Association of green space with bone mineral density change and incident fracture in elderly Hong Kong Chinese: Mr. OS and Ms. OS study.
Environ. Res. 201:111547 (2021)
Background: A large body of literature has reported positive effects of green space (GS) on various aspects of health and well-being, while no studies explore the role of GS in bone health. Objectives: The present study aimed to investigate the associations of GS with bone mineral density (BMD) change and incident fracture in a prospective cohort of elderly Hong Kong Chinese. Methods: Between 2001 and 2003, 3944 participants aged 65 years and older at baseline were recruited. GS (%) within 300-m and 500-m buffers were calculated for each participant based on the Normalized Difference Vegetation Index. BMD at whole body, lumbar spine, total hip, and femoral neck were assessed by dual energy X-ray absorptiometry at baseline and 3 follow-ups. Incident fracture cases were ascertained from the electronic database of Hospital Authority of Hong Kong.

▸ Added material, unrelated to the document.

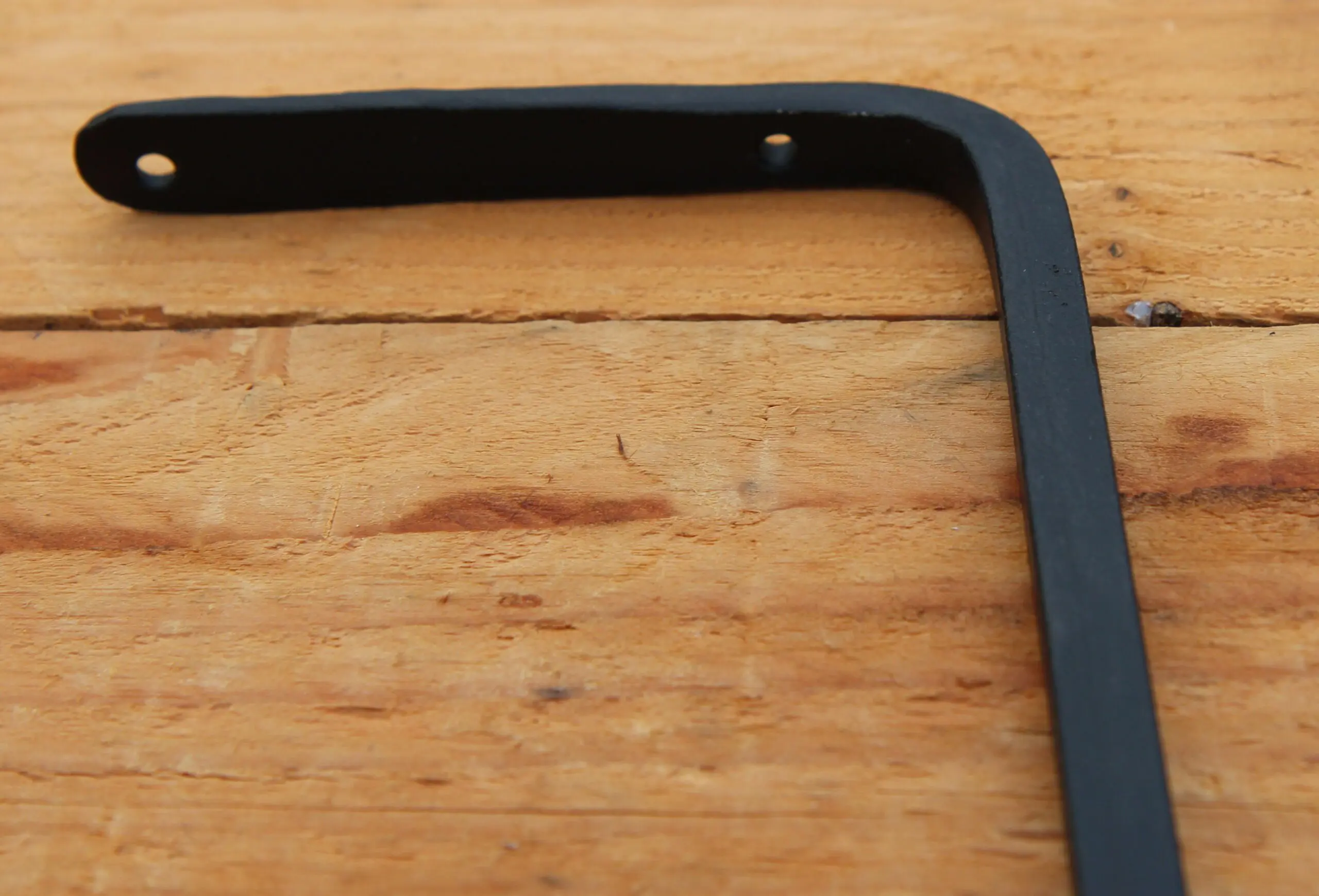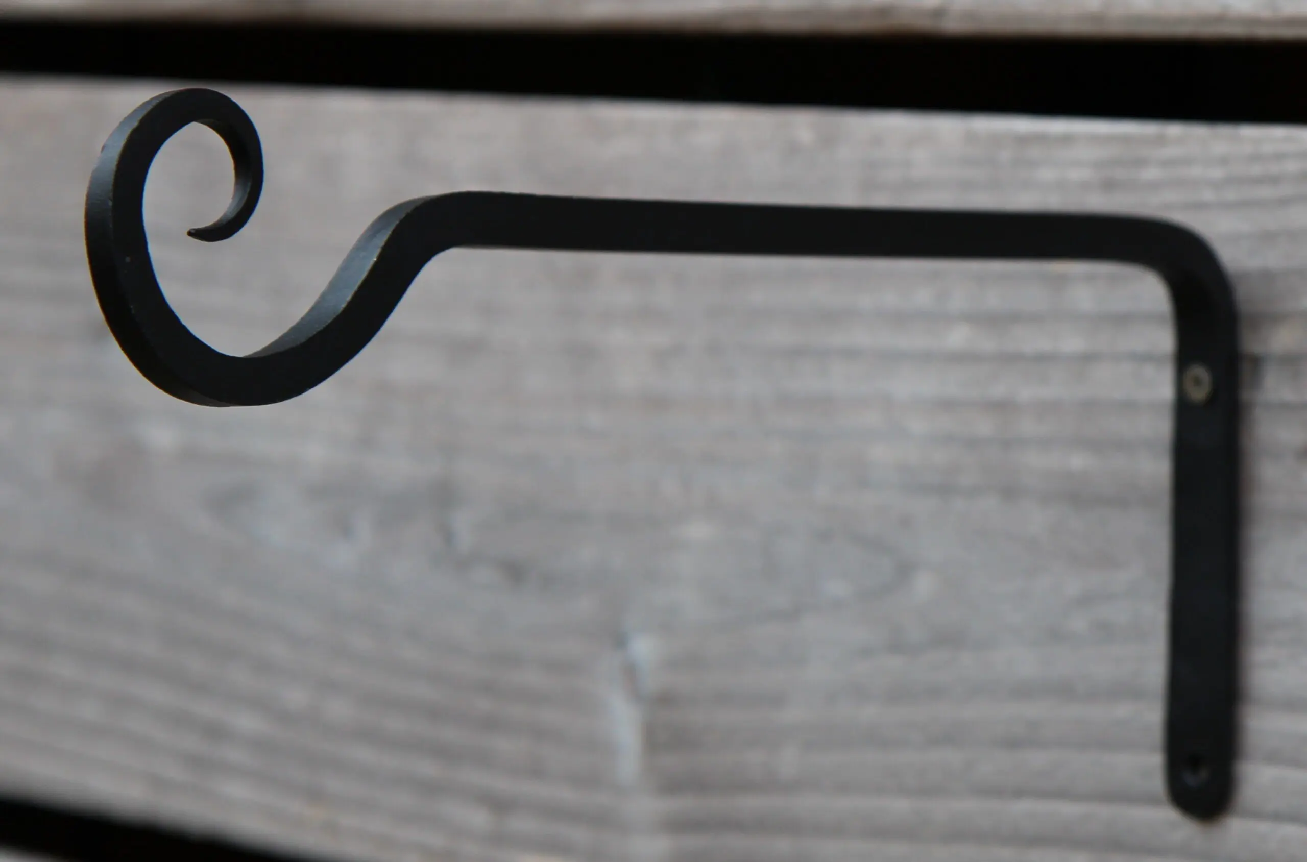 Een strakke eenvoudige wandhaak van gietijzer met aan het einde een sierlijke krul.

Linear mixed-effects models and Cox proportional hazards models were used to investigate the associations of GS with changes in BMD and incident fracture, respectively. Results: Greater GS within 300-m and 500-m buffers were associated with a slower increase in lumbar spine BMD over 14 years. After adjustment for potential confounders, β and 95% confidence intervals (CIs) of change in BMD across Q2-Q4 (quartiles of GS measured in a 300-m, compared with Q1) were −6.42 (−12.3, −0.59), −7.78 (−13.6, −1.97), and −7.83 (−13.7, −2.00) mg/cm3, respectively. GS was also positively associated with non-spinal fracture and major osteoporotic fracture incidence risks. Multivariable-adjusted hazard ratios (95%CIs) were 1.40 (1.09, 1.79; P-trend = 0.036) for non-spinal fracture and 1.53 (1.13, 2.07; P-trend = 0.010) for major osteoporotic fracture (Q4 compared with Q1 of GS measured in a 300-m buffer). Positive GS-fracture associations were also found for GS within a 500-m buffer. Conclusions: We found that those who lived near higher GS levels had a slower increase in lumbar spine BMD and had higher incident fracture risk.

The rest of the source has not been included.